Ambulance parked outside Emergency Department.

Local integrated investigation pilot 2: Incorrect patient details on handover

HSIB legacy content

HSIB legacy content

This investigation was carried out by the Healthcare Safety Investigation Branch (HSIB). Find out more about HSIB legacy.

Background

Between April 2021 and April 2022 we undertook a pilot to evaluate our ability to carry out effective locality-based investigations. This investigation was undertaken as part of the pilot.

Theme

The pilot published three investigations focused on cross-boundary and multi-agency safety events.

This is the second pilot investigation.

The other pilot investigations are:

Report summary

This investigation focused on the systems and procedures in place to help health and care staff to correctly identify patients. It explores how the incorrect identification of a patient can have an impact on their treatment. To do this it uses a real patient safety event involving a patient who was cared for by a nursing home, an Ambulance Trust and an Acute Trust (that is, a local hospital with an emergency department).

The safety event involved Mrs E, a woman aged 93 with dementia.

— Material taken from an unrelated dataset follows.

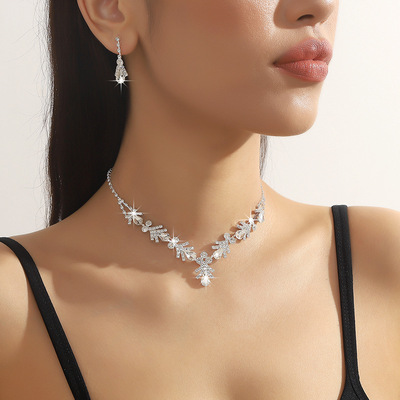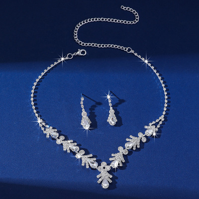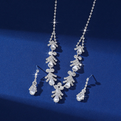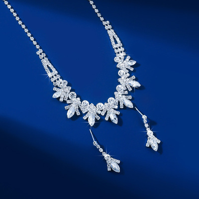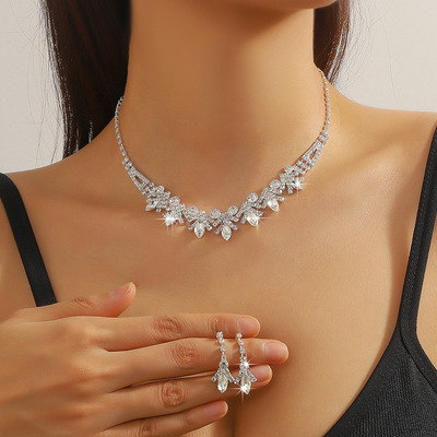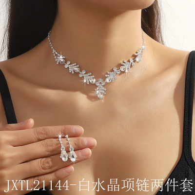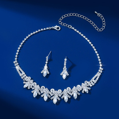 跨境貨源 歐美流行飾品白水晶水鑽項鍊耳環二件套裝婚紗禮服配飾
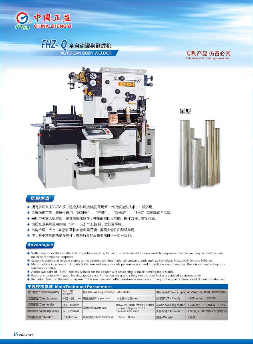 生产能力Production capacity50~80cans/min适用材质Materials镀锡马口铁、镀锌板、镀铬板、不锈钢板Tinplate,Zinplate, TFS,Stainless steel sheet适用罐径Can diameterφ52~99mm板料厚度Sheet thickness0.16~0.30mm适用罐高Can height165~305mm供给电源Power supply40kVA/三相/3P AC 380V/50Hz焊接速度Welding speed12~24m/min压缩空气Compressed air>800L/min,>0.5MPa焊缝搭接量Overlap0.4,0.6mm冷却水Cooling water>20L/min,>0.4MPa,<18℃焊接频率Welding frequency80~260Hz外形尺寸Dimension1720(L)×1900(W)×2270(H)mm铜丝直径Copper wireΦ1.38~1.50mm重量Weight2200kg结构优点:

Mrs E was taken by ambulance to her local emergency department (ED) after a fall in her nursing home. She was accompanied by an escort from the home. Incorrect patient details (date of birth and spelling of surname) were used to book Mrs E into the ED.

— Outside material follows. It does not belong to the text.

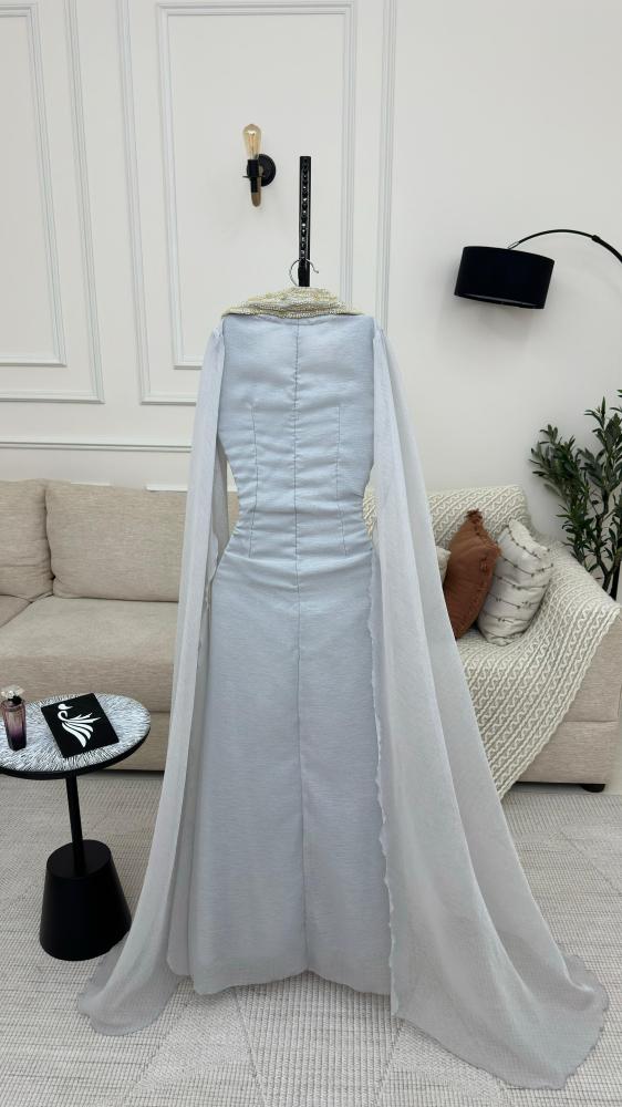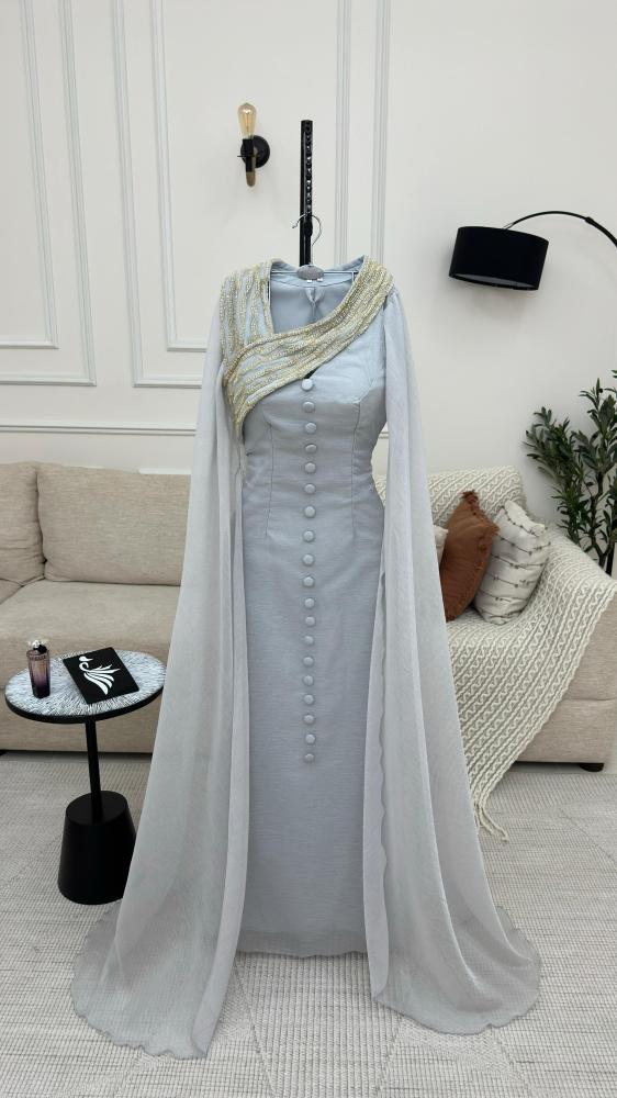 الفستان الظاهر في الصورة يتميز بتصميم أنيق وعصري ، وهو طويل يناسب المناسبات الرسمية والاحتفالات. يتميز الفستان بقصته الضيقة التي تعانق الجسم لتبرز القوام بشكل جميل، مع تفاصيل فريدة على الأكمام.

The ED staff were unable to find Mrs E’s details on the digital patient management systems available. A new patient record was created with the incorrect patient details. After having an X-ray in the radiology department, which confirmed that Mrs E did not have a fracture, she was discharged the same day.

The next day, after another fall in the nursing home, Mrs E was taken to the same ED by ambulance. She was booked in under the new patient record created the previous day, with the incorrect patient details. Mrs E had an X-ray which confirmed a fractured neck of femur (broken hip) and she was admitted to the hospital for surgery.

Mrs E had surgery the next day, during which the pathology department identified a problem with the accuracy of her personal identification information. Following surgery, Mrs E’s correct identification details were confirmed, and her past hospital notes were gathered. The two sets of patient records were merged.